When Eranda Kumnova-Baci, a school inspector in Kosovo, picked up the phone on October 8, she thought she was dealing with a common problem. Not that she found that dozens of teenage girls in her town were self-harming, supposedly to participate in a TikTok challenge.
"A mother called me to tell me that her daughter, a fifth-grade student, had self-harmed with her friends while participating in a TikTok challenge," the inspector from Gjakova, a town of 80,000 inhabitants in southwestern Kosovo, told AFP.
She immediately asked all teachers, educational leaders and school psychologists to investigate. They had recorded 22 cases of self-mutilation in a few weeks among teenage girls in the city. The first ones date back to January.
"We initially thought that they had injured their hands - deliberately - with sharp objects. But after medical examinations, we realised that some of the girls had dozens of cuts all over their bodies," explains Ms Kumnova-Baci.
Gjakova, until now best known as the birthplace of several Albanian activists, has been turned upside down.

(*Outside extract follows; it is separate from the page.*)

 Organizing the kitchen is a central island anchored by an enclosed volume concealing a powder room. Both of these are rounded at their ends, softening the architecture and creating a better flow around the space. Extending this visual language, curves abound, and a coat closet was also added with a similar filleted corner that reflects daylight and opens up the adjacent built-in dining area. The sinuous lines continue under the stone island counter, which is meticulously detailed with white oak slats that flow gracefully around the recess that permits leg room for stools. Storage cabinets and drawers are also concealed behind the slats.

"It was not only a shock for the educational community," says Kumnova-Baci. "It was an earthquake for everyone."
– Mental health –
TikTok, one of the world's most popular social networks with 1.5 billion users, has based part of its success on "challenges", campaigns inviting users to create videos reproducing something.

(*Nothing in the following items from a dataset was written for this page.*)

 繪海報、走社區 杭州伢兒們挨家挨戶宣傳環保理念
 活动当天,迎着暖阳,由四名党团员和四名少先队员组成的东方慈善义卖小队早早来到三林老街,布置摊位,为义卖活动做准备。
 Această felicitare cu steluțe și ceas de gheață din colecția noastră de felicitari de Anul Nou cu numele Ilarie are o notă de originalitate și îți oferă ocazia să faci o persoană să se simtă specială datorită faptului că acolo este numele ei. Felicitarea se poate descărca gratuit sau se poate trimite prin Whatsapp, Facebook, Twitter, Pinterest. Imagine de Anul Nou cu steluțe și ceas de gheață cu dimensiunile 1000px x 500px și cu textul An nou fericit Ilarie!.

According to the mother of one of the victims, children as young as 9 took part in the challenge after coming across videos on TikTok.
"It's like a game for girls aged 9 to 17, who reproduce what they see on TikTok," explains this mother who prefers to give only her initials, EZ. "It's become my worst nightmare," adds this woman whose daughter took photos of each of her injuries.
Like the other parents, she refuses to give her name. As for the local authorities, they have forbidden the disclosure of the identities of the victims, all minors.
Officially, TikTok prohibits videos that advocate self-harm or suicide, and the platform is off-limits to children under 13.
“We do not allow the dissemination, promotion or sharing of plans for suicide or self-harm,” TikTok says on its website.
But for years, experts, researchers, doctors and parents have been warning about the effect of social networks on the mental health of their users – especially the youngest. Addiction, harassment, lack of self-esteem… the risks are known.
In 2023, US Surgeon General Vivek Murthy called on the US government to take steps to protect young social media users.
- To forbid -
"We are facing a national mental health crisis affecting young people, and social media is a major factor, one that we must address urgently," Dr Murthy wrote in an official advisory at the time.
In Gjakova, according to people AFP spoke to, many of the victims saw self-harm as a way to overcome their sadness. Others wanted to test their resistance to pain.
"It's incredibly hard for us to admit that our children deliberately harmed themselves," said Besfort Krasniqi, a 45-year-old business owner and father of three.
"It's not just a problem, it's more than that. It's extremely disturbing," adds Qendresa Hoti, a 32-year-old hairdresser. "My children are still small, and I'm not directly affected, but our fears grow with our children."
To combat this trend, the educational community has launched new initiatives to alert students to the risks posed by social networks.
For Mirevete Aziri, a psychologist, these acts of self-harm are probably linked to "uncontrolled access to social networks, even when the children are at school or with their families."
The Kosovar justice system has taken up the case and opened an investigation, the spokesman for the prosecutor's office, Drin Domi, confirmed to AFP. The police were authorized to "take all measures" to shed light on the case, he said.